Shortages Are Regional- and Product-Specific
In any industry, local supply and demand will determine your market value and availability of opportunities. For example, there is a shortage of Tripwire and Splunk talent in the Houston area. I know this because I have colleagues at both companies and recruiters contact me daily looking for experienced people to manage these products for their clients. Have you conducted market research in your area to understand the specific talent shortages in your community instead of depending on the generic assessments of the headlines? If you do not yet have specific in-demand skill sets that can enable the business from the start, managers will be reluctant to hire you.
Proposed Solutions
Yes, the hiring systems are broken. Yes, some companies have unrealistic expectations about skill levels. Yes, there are organizations that still do not take security seriously enough to pay what people are worth. Yes, I have been in the much-hated catch 22: needing a job to get experience and needing experience to get a job. I also empathize with the people who alternate between frustration and disbelief about all the work required to get into a field with so many jobs open. I will be the first one to tell you that there is no one-size-fits-all solution to the hiring challenges in the industry. However, there are steps you can take to increase your chances of landing a role:
- Relationships are key: Give back to the security community before you need a job
- Get to know people, IN PERSON, in your LOCAL security community
- Contribute to open source projects
- Publish research, projects and/or problems you’ve solved on LinkedIn, established blogs, or your own
- Volunteer at tech user groups, chapter meetings, and conferences
- Analyze local supply and demand to identify specific talent shortages in your region and “skill up”

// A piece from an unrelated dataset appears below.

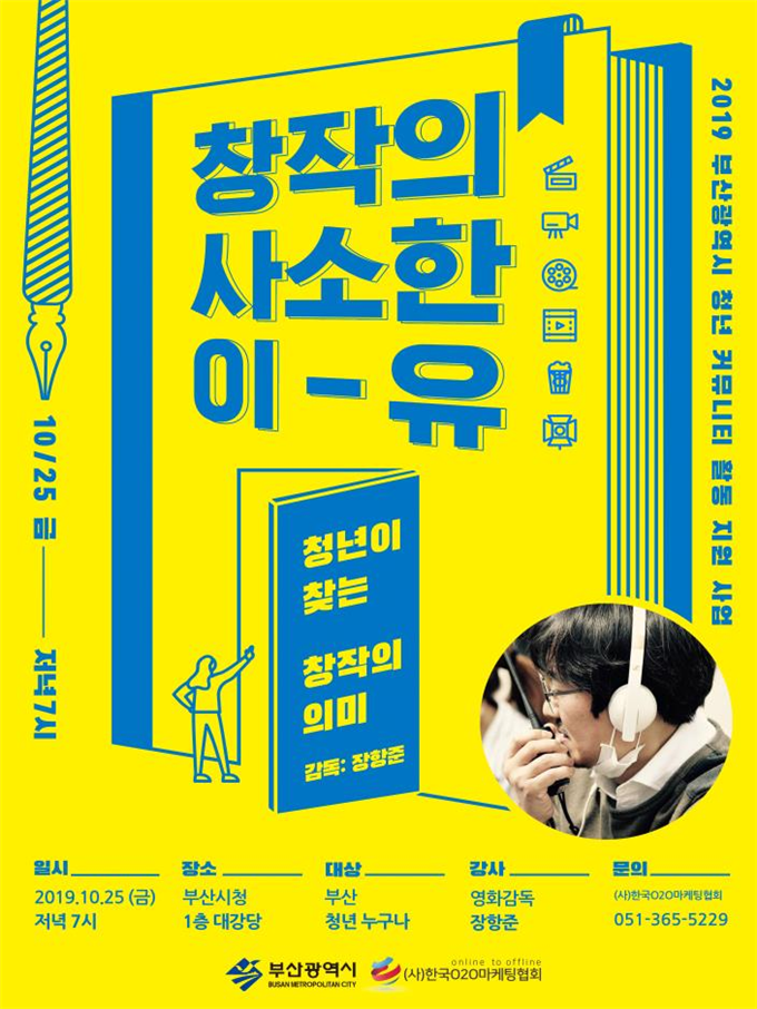 부산시(시장 오거돈)는 오는 25일 저녁 7시 시청 1층 대강당에서 장항준 영화감독과 함께하는 청년 특강 ‘창작의 사소한 이유’를 개최한다고 밝혔다.

- Expand your job search to include product companies and managed service providers
- Apply for tech support or administrator roles to get your foot in the door
Key Takeaways
I’m sorry to be the bearer of bad news but certifications and degrees alone may not help you get that first cyber role. This includes masters degrees, especially if you do not have an IT background. Broken hiring practices will be a barrier for the foreseeable future, so it is important to understand how business fundamentals impact hiring decisions and adjust accordingly. Managers are making business decisions about security hires. Understand where you are in your career search and the value you provide. You may be too low of a return on investment for the roles you’re applying for at the moment. Very few true entry-level cyber roles exist. You may have to take alternate routes into the field, such as helpdesk or tech support for a security product company. Develop relationships in your security community, including local chapters of OWASP, ISSA, (ISC)2, ISACA and tech specific user groups. Give back as often as you can. Talent takes time to cultivate. Do not mistake your credentials for talent when reading these headlines about shortages in the industry. Look at your resume and LinkedIn profile. What story does it tell? If it does not tell one of results, then take some time to improve it. Talent shortages are regional and product specific. You have to understand your local job market and skill up accordingly.
Common Responses
"But we’ll continue having these problems if the industry does not change its hiring practices!" "But why can’t companies and recruiters just do X, Y and Z instead of making people jump through all of these hoops?"
My Answer
Focus on what you have control over, like giving back, cultivating relationships and gaining in-demand skills. These are the only proven solutions to bypassing the broken hiring practices. Don’t shoot the messenger.